Of course I believe they are basically good and kind. Just because I am very strongly anti-abortion doesn't mean I condemn as evil people who carry the act out. I accept that many do it believing they are morally justified in doing so.
 
Who says you're a misguided simpleton? You're throwing in a contentiousness that isn't there - is this a discussion and an airing of personal views, or is it to degenerate into a slanging match? (You see how easily the 'goodness' evaporates!)
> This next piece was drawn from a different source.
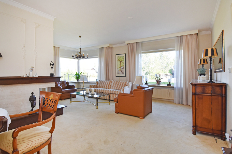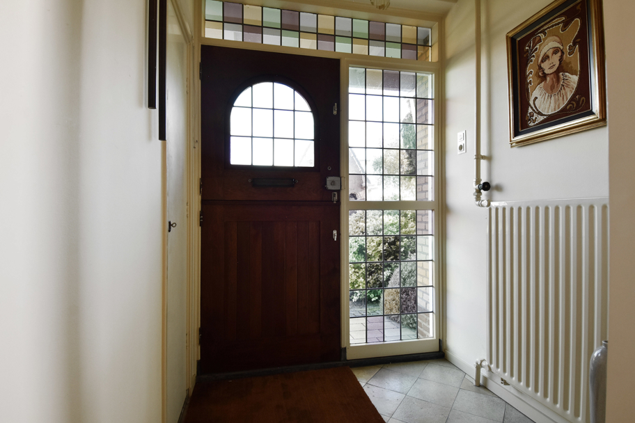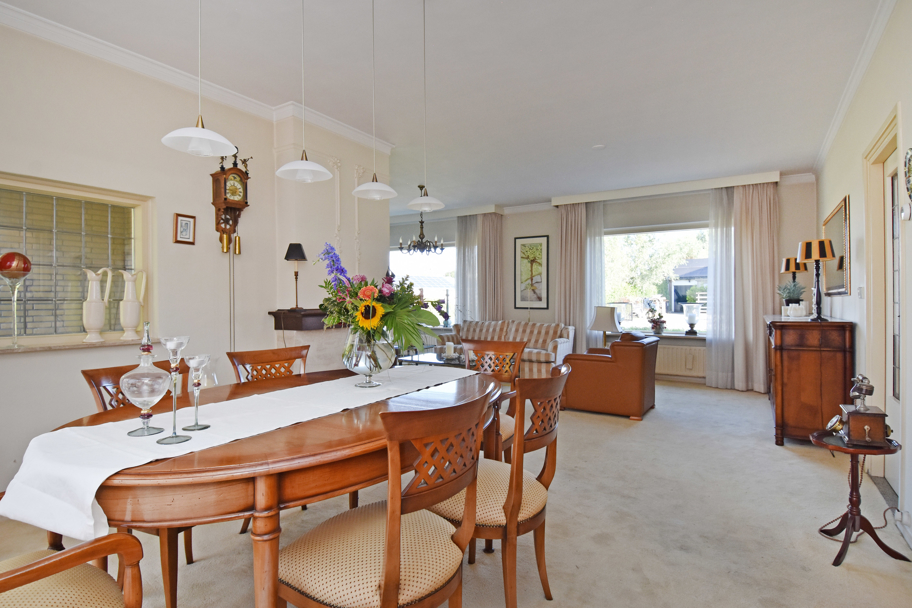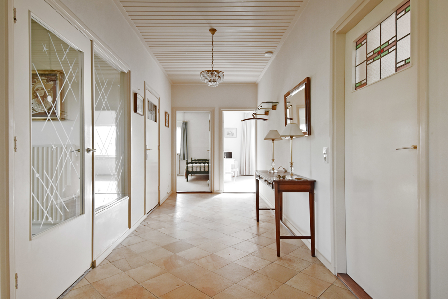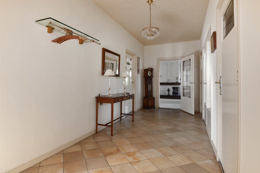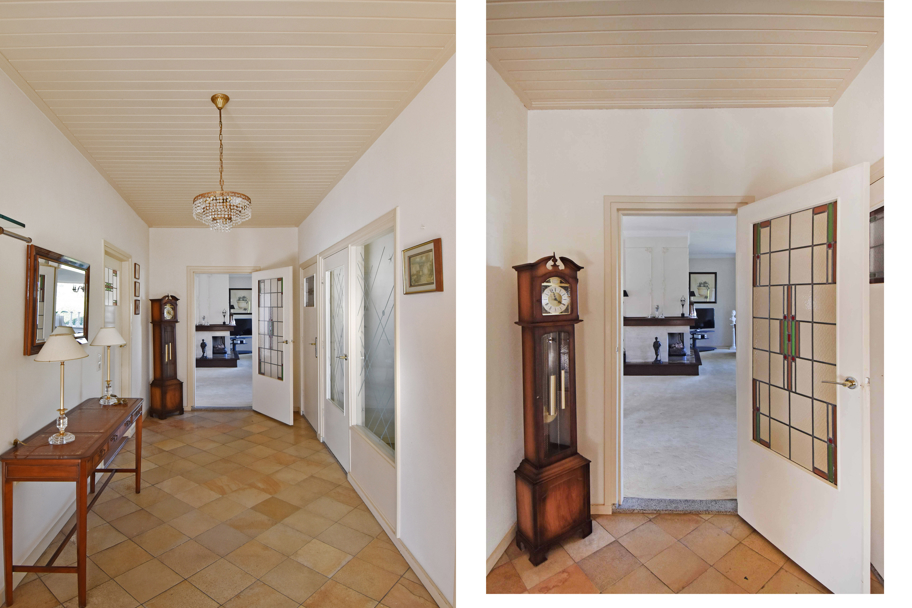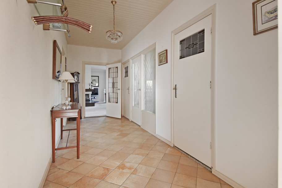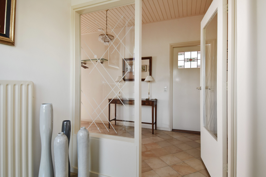 De hoofdentree aan de voorzijde ligt in het midden van de woning. U komt via een ruim voorportaal met de meterkast in de brede ruime hal. De hal geeft toegang tot alle kamers en ruimtes. Aan de rechterzijde ligt de lichte L-vormige ruime woonkamer met een sfeervolle (gas)haard en grote raampartijen. Aan de achterzijde tevens een brede schuifpui naar het terras om heerlijk in het zonnetje te zitten.

DO, no, those people were not the victims of a handful. The handful of leaders drove millions of others to commit the acts. You have only to look at the Hutu-Tutsi horrors of Rwanda to see that thousands of what had been good, kind Africans ran amok on the basis of tribal hatred, murdering and mutilating thousands of other countrymen and women (and children, and babies) in the process. You can't dilute the millions of those who've taken to causes and murdered millions of others down to the one person who ruled their country!

Was my father killed by Adolf Hitler? Of course not. He and his crew were killed by a German crew, which might or might not have been killed later by a British one, and so on. Adolf Hitler didn't personally kill millions of Jews and 'undesirables', but he did cause millions of people worldwide to die, to be maimed, and to become dispossessed, as did Stalin. You cannot say two people only were responsible for those millions and millions of deaths, because without their staunch supporters, many of whom relished the task of annihilation, their mad schemes would have come to nothing. I'm crap at Maths, but even I can see that argument is very disingenuous!